The construction of pork pies is not for the faint of heart. Not only does it require a solemn commitment of time, energy, planning, and sweat, it also demands a certain weathered callousness to the sight, smell, and textural delights of raw pig.

There are three elements to this dish: stock, filling, and pastry. After a scrutinizing the recipes of several chefs, I decided to use Nigel Slater as a guide to filling and stock, while following my cousin Olly’s instructions for pastry (the latter having run his own pie business in a previous life).



It is best to begin with the stock as this requires chilling overnight in the fridge.

1 pigs trotters
bones from pork
1 rib celery
1 onion
1 carrot
1 bunch parsley stalks
4 black peppercorns

Throw all ingredients into a saucepan, cover with water and bring to the boil. Lower to a simmer and cook for 11/2 hours. Strain into a container, allow to cool, and then chill in fridge overnight.

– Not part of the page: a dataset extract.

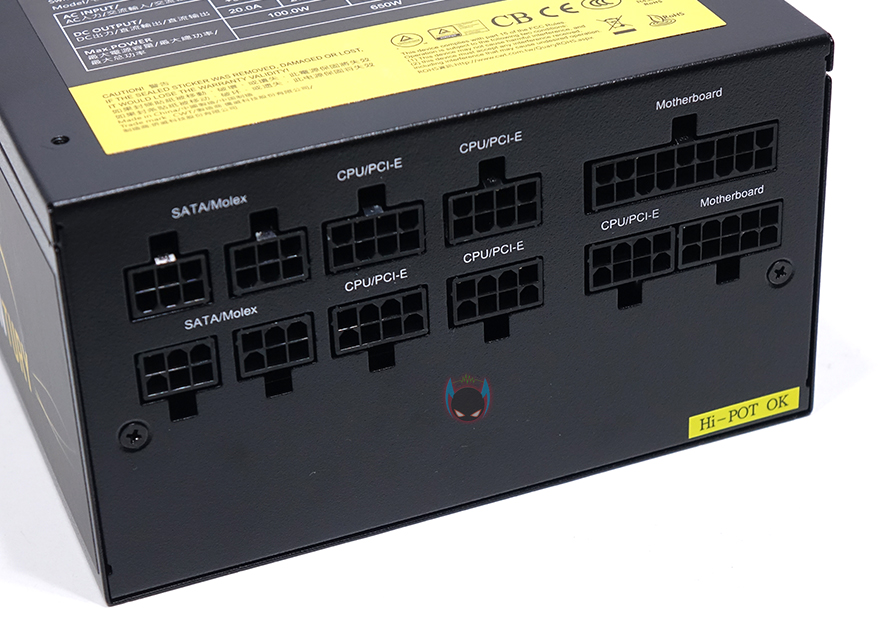 그리고, 본체 상단부분에는 벌집 모양의 에어홀처리와 함께 내부에 120mm 팬이 장착된 것을 확인할 수 있으며, 후면 배기역할도 벌집 모양으로 에어홀 처리가 된 것을 확인할 수 있죠. 본체 밑바닥부분에는 해당 모델의 제품사양을 다시 한 번 확인할 수 있는데, 참고로 이번 센추리(Century) 모델은 550W, 650W, 850W 3가지 용량으로 출시되었습니다.

Next day wake up and cancel any appointments for the next 4 hours or call in sick to work. You will need some time. (Not realizing this I spent the morning fiddling with pastry while fretting over what else I should be doing i.e. wrestling with the finer points of Durkheimian sociology for one of my MA classes.  It was fruitless. Pigs trotters hold infinitely more appeal for me than protracted definitions of social phenomena.)

Begin with the pastry:

1/2 lb. lard
1/2 pt. water
1 lb. all purpose flour
1 egg beaten to brush pastry

Put the lard and water in a saucepan and heat almost to boiling. Stir roughly into the flour to make a soft ball of dough (at this point it will smell like a heavenly kitchen in which pounds of bacon are sizzling and mountains of bread are baking in the oven!) Wrap in cling film and allow to cool to just warmer than body temperature.

Meanwhile, make the filling:

1/2 kg boned pork shoulder
125 g pork belly
125 g streaky bacon
2 good sprigs of thyme, finely chopped
2 sage leaves, finely chopped
1 large pinch ground mace
1 large pinch ground white pepper
1 large pinch ground nutmeg
1/2 tsp salt
1/2 tsp freshly ground black pepper

Dice all the meat very finely.  Add all other ingredients to the bowl and mix well.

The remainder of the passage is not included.